CuPID is the acronym for Cusp Plasma Imaging Detector, and it will be put in orbit where Earth’s magnetic field lines look like a funnel or cusp.

“The part we are working on is the release mechanism for the antenna,” Thomas said.

Thomas, of Auburn, Maine, and Eckert, of Pittsfield, Vermont, were tasked with developing a system to release CuPID’s whip-like antennae which are held down by a fishing line until they are needed. When the line is broken by heating it with an electrical current, the antennae will pop out to open communications between ground control and the satellite. If it doesn’t deploy, the mission will be lost.

Eckert and Thomas spent their summer in Mendel using different strengths of test lines against resisters, voltage and wattage to find the right combination that will melt the nylon without creating byproducts that could interfere with the sensors.

The challenge is to melt the nylon fishing line without creating smoke or releasing particulates that will float in front of the camera lens or other sensors used to navigate the satellite by star positions. The smoke or particulates seen through the lens could be interpreted by the computer as stars and send the satellite off in the wrong direction.

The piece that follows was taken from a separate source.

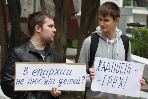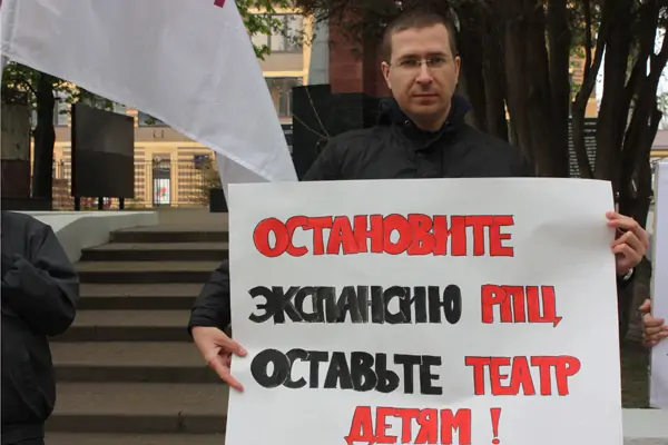 — Меня сам факт возмутил. У меня двое детей, я хожу с ними в театр. И это всё выглядит очень странно и неестественно. И я считаю что в таких ситуациях молчать нельзя. Очень много нелогичного происходит, когда нечего есть — давят овощи, когда дешевеет нефть — дорожает бензин, и когда церковь забирает у детей здание — это тоже очень странно.
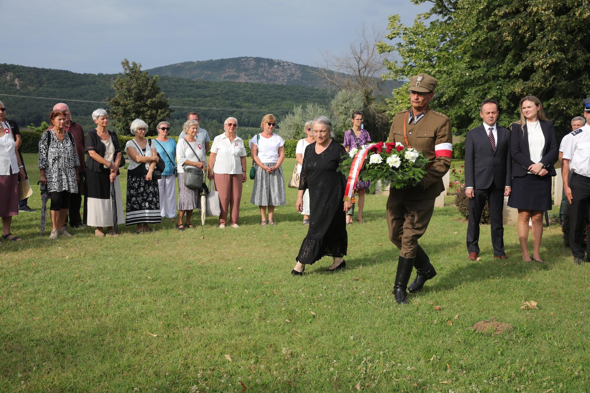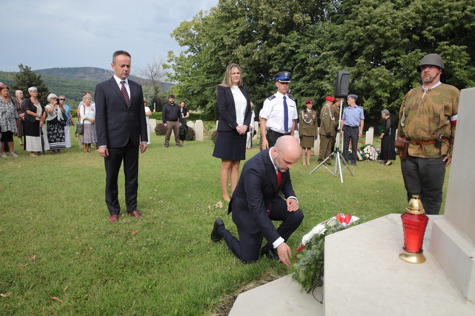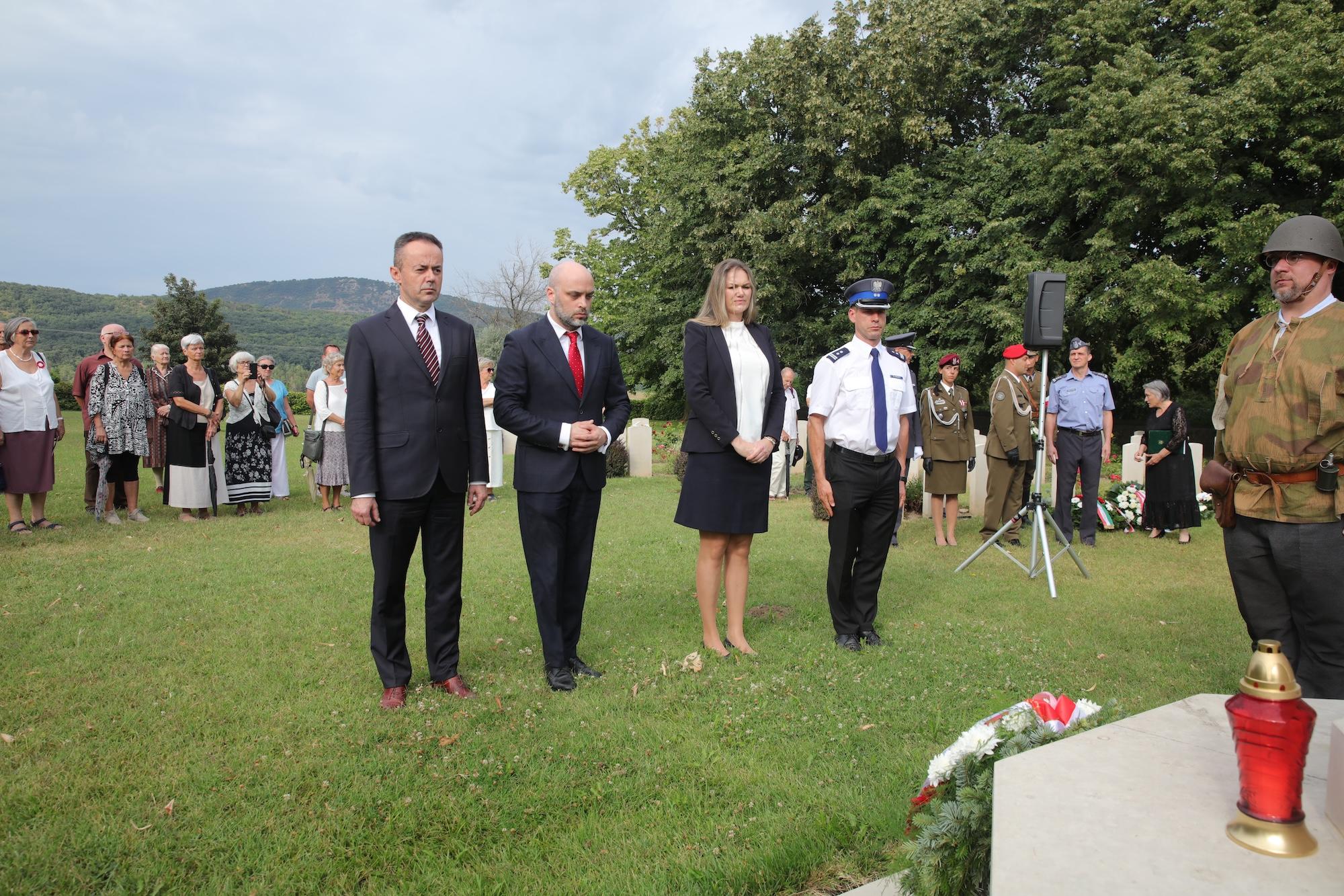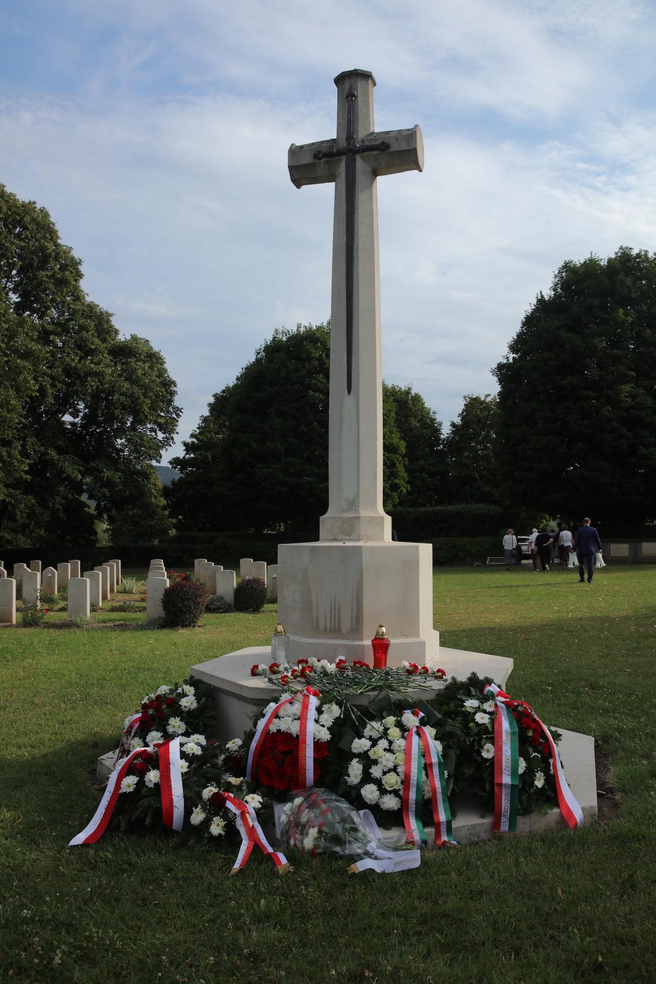 Przy krzyżu pamięci w centralnej części cmentarza wiązankę biało-czerwonych kwiatów złożył ambasador RP na Węgrzech Sebastian Kęciek, któremu towarzyszyli konsul RP Andrzej Kalinowski, dyrektor Instytutu Polskiego w Budapeszcie Dominika Teske oraz oficer łącznikowy polskiej policji mł. inspektor Bogusław Kołdys. Hołd poległym oddali attaché obrony płk Sławomir Mnitowski wraz z polskimi oficerami stacjonującymi na Węgrzech. W imieniu środowiska polskiego i polonijnego kwiaty złożyli m.in. rzecznik narodowości polskiej przy Zgromadzeniu Krajowym (parlamencie) Węgier Ewa Słaba Rónayné, prezes współorganizatora wydarzenia – Polskiego Stowarzyszenia Kulturalnego im. Józefa Bema na Węgrzech Mária Dávid, a także przedstawiciele samorządów i organizacji polonijnych.

“Tedious, slow, painful work sometimes,” Eckert said.

Because there are no air currents in the vacuum of space, any smoke or particulates created by melting string that block the view of the camera, will remain in front of the star camera, said Provost Allan Weatherwax, a lead investigator on this project, and advisor to Eckert and Thomas.

At the end of a long, hot summer in Mendel they are feeling “pretty damn good” about what they have done, Eckert said.

“It’s just really good for their resumes to be doing electrical engineering research in the summer,” said department Chairman Jack Adams who approached Eckert and Thomas about taking on this undergraduate research project with Weatherwax.

Eckert is in Merrimack’s Honors Program and Thomas is an excellent hands-on student who has shown the initiative to take on a project just to learn more about circuitry, Adams said. Both want to get internships in the electrical engineering industry next summer.

The CuPID project is a collaboration between Boston University, Merrimack College, Drexel University, NASA Goddard Space Flight Center, Adcole Maryland Aerospace, Aerospace Corporation, and the University of Alaska, Fairbanks. The mission is supported by NASA and is scheduled to launch in 2019.